- Born: 1996 (age 29–30) Hilo, Hawaii
- Known for: Visual art
- Movement: Contemporary art
- Website: https://kotaronukaga.com/en/artist/マイケル・リキオ・ミング・ヒー・ホー/

= Michael Rikio Ming Hee Ho =

American conceptual artist

Michael Rikio Ming Hee Ho (マイケル・リキオ・ミング・ヒー・ホー, born August 1, 1996) is an American conceptual artist.

== Early life ==
Ho was born in Hilo, Hawaii and grew up in Waimea, Hawaii County, Hawaii.

== Education ==
He graduated from UCLA School of the Arts and Architecture in 2018 and lives and works in Tokyo, Japan. Ho studied at University of California, Los Angeles with artists Barbara Kruger, Lari Pittman, Adrian Wong, Catherine Opie, and Adrian Saxe.

== Career ==
Ho is known for his text-based works that are reminiscent of Jenny Holzer and Lawrence Weiner. Ho’s work has been noted for its juxtaposition of text and image to introduce irony and deflate pictorial grandeur, drawing comparisons to Ed Ruscha.

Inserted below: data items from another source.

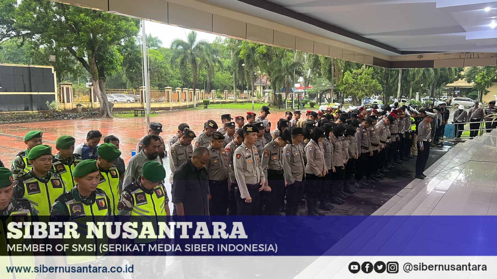 Meskipun hujan mengguyur, Polres Bondowoso tetap menggelar apel gelar pasukan di halaman kantor Pemkab Bondowoso dalam rangka pengamanan malam takbir Hari Raya Idul Fitri 1 Syawal 1446 H. Apel ini dipimpin langsung oleh Kapolres Bondowoso, AKBP Harto Agung Cahyono, SH., SIK., MM., dan diikuti oleh jajaran Polres Bondowoso, TNI, Dishub, Satpol PP, Dinas Kesehatan, BPBD, Banser, dan Pramuka.
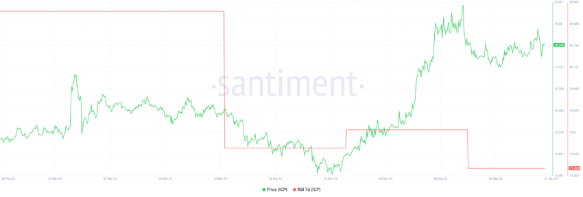 No caso do Internet Computer (ICP), o indicador ficou em torno de 86 na primeira metade de março, sinalizando um forte interesse dos compradores e uma possível condição de sobrecompra. Em seguida, caiu para 73 e atualmente está em 71, refletindo uma queda consistente.
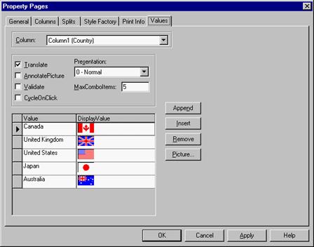 Since the FormatText event now translates the country codes stored in the database into actual names for display, the Value property of each member of the ValueItems collection must be changed accordingly. The following figure depicts the updated Values property page (only the entries in the Value column are different).
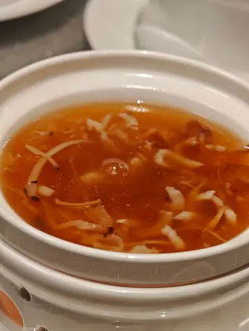 🔶首先迎来的是色彩缤纷的江南五小碟🧫,每道小菜丰盛得让人眼前一亮:拍蒜青瓜爽口清新,陈醋云耳酸酸甜甜,宫廷萝卜脆脆清甜,沙姜猪手肉质丰腴,鸡丝粉皮则滑顺入味,这五小碟的搭配,可以说令人食欲大开!❤️🔶随著小菜的清新开胃,期待的重头戏也在缓缓迫近🤩🤩因为大闸蟹需要一些时间来蒸熟,我哋就食住其他小菜~ 特选XO酱花枝冰山蚌🐚味道滋味浓厚,鲜甜的海味让人一试成主顾;再来,陈皮榄角蒸龙趸件,鱼肉嫩滑、香气扑鼻;鲜茄菌王蒸菜苗🌱,汁多味美,口感清爽。🔺特别值得一提的是瑶柱花胶海参羹,这一人一锅的设计不仅保证了热腾腾的口感,浓厚的汤底让人每一口都感到心暖暖的,喝下去真的是特别舒适!🔶然后,当重头戏大闸蟹🦀🦀登场时,完全系打卡点🤩🤩🤩一开蟹壳,蟹膏满溢,鲜香的咸酸味道令人无法抗拒,搭配蟹肉的鲜甜,再加一点醋,味道层次更加突出。特别贴心的是,餐厅还为每位食客准备了手套,非常贴心🔶吃过蟹后,接下来的古铜芝麻鸡🍗也是不容错过。每一块鸡肉都撒满香喷喷的芝麻,外酥内嫩,非常美味,轻轻一咬,便能感受到满满的幸福感,好好食!
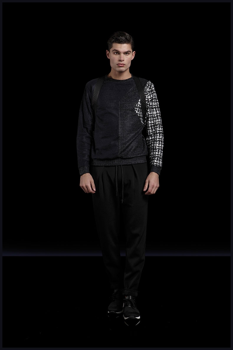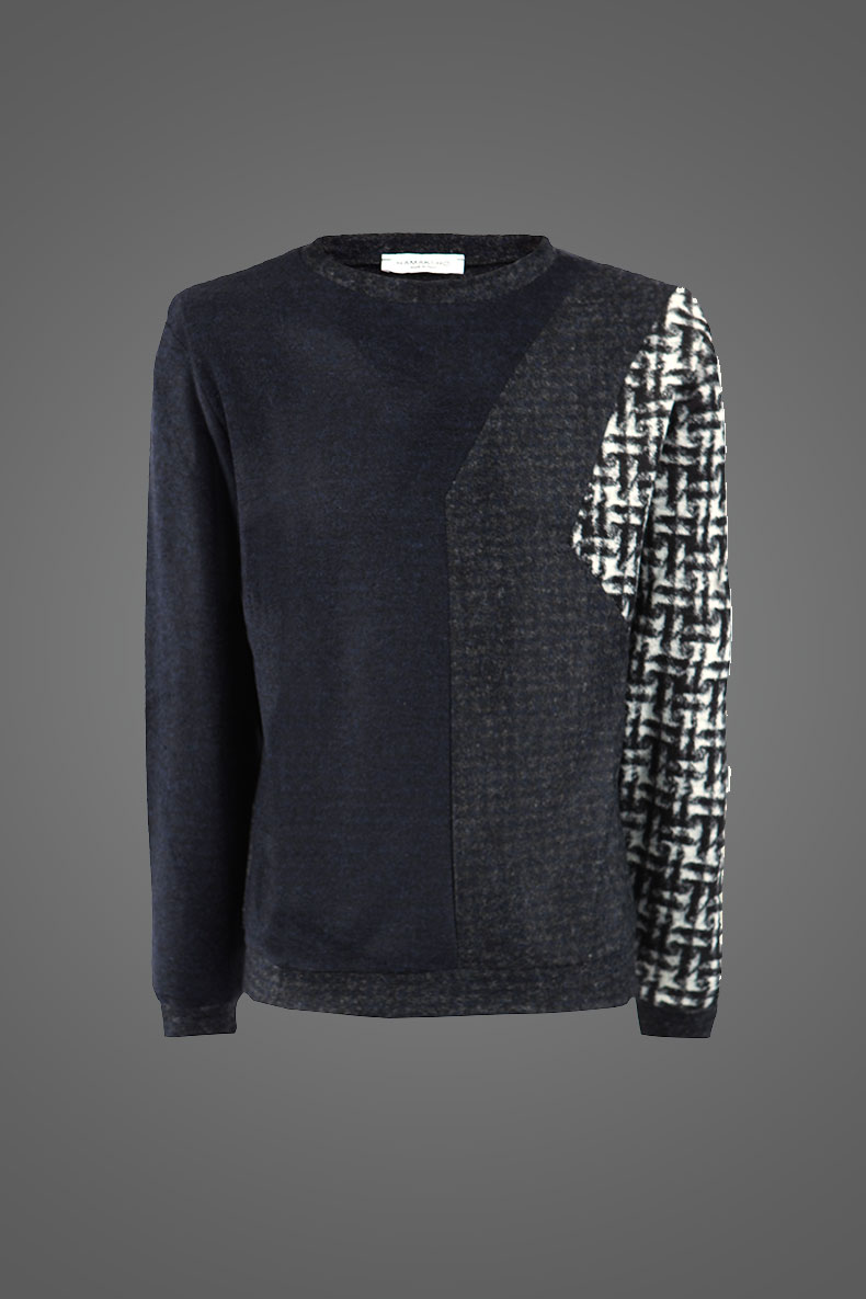 Felpa girocollo, manica lunga, divisa in tre tessuti blu grigio e lungo la manica pied de poule bianco e nero.
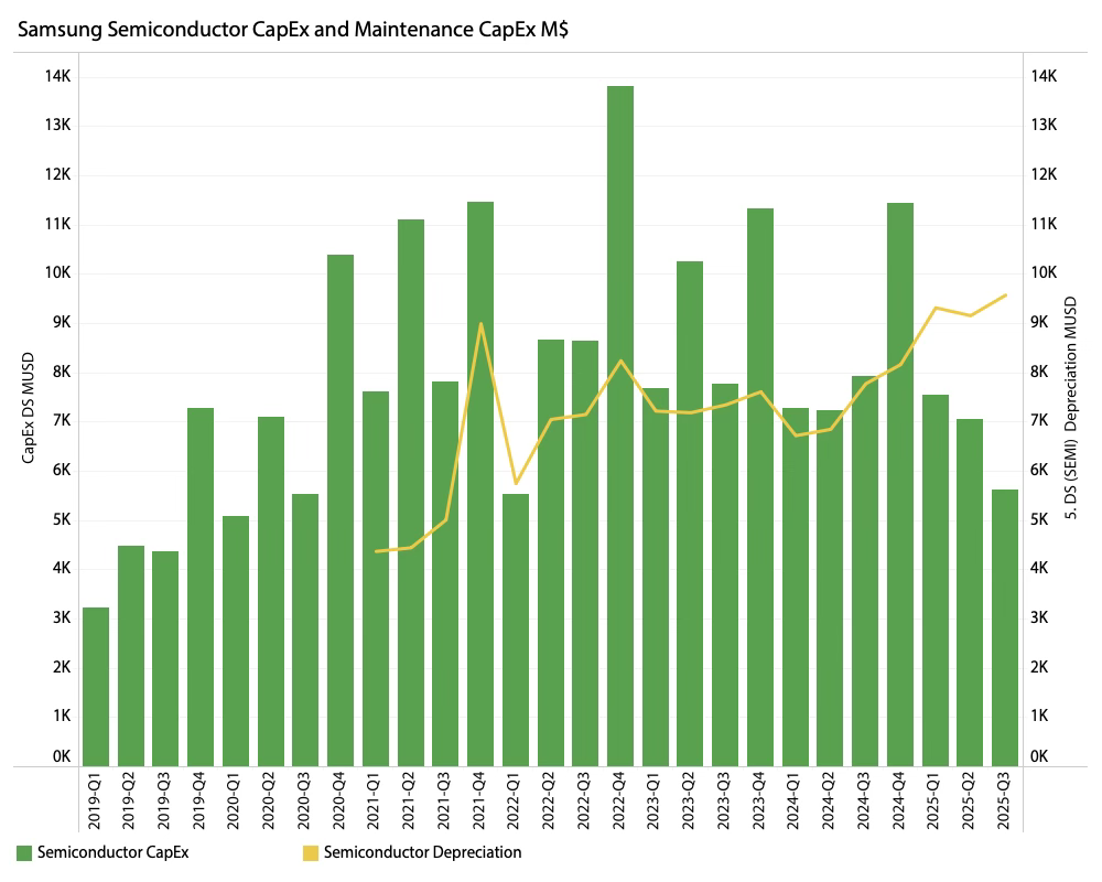 This is confirmed by analysing Semiconductor CapEx relative to the maintenance CapEx required to keep the manufacturing assets at the same level. In the downcycle, the Company balanced investments at about the maintenance level, but over the last three quarters, the investment level has fallen to a very low level. In Q3, Samsung should have invested $9.6B in maintenance before any additional capacity investments, but the Koreans dished out a meagre $5.6B.

In 2022, ARTnews, included Ho in their list for "30 artists under 35". Gallerist Pearl Lam shared with Artnet that Ho's "painting and sculptural practice semantically responds to capturing the tone of a post social-media generation and exploring the theme of internalized masochism and the way that this can be communicated linguistically." In 2024, he participated in a group exhibition curated by Esthella Provas at Kotaro Nukaga, alongside Stefan Brüggemann, Jose Dávila, Amadour, and Rirkrit Tiravanija.

His work has been exhibited in New York, Hong Kong, Tokyo, Los Angeles, and South Korea including at the Sezon Museum of Modern Art, Watarium Museum, Osaka Kansai International Art Festival, Tokyo Gendai, and Kotaro Nukaga.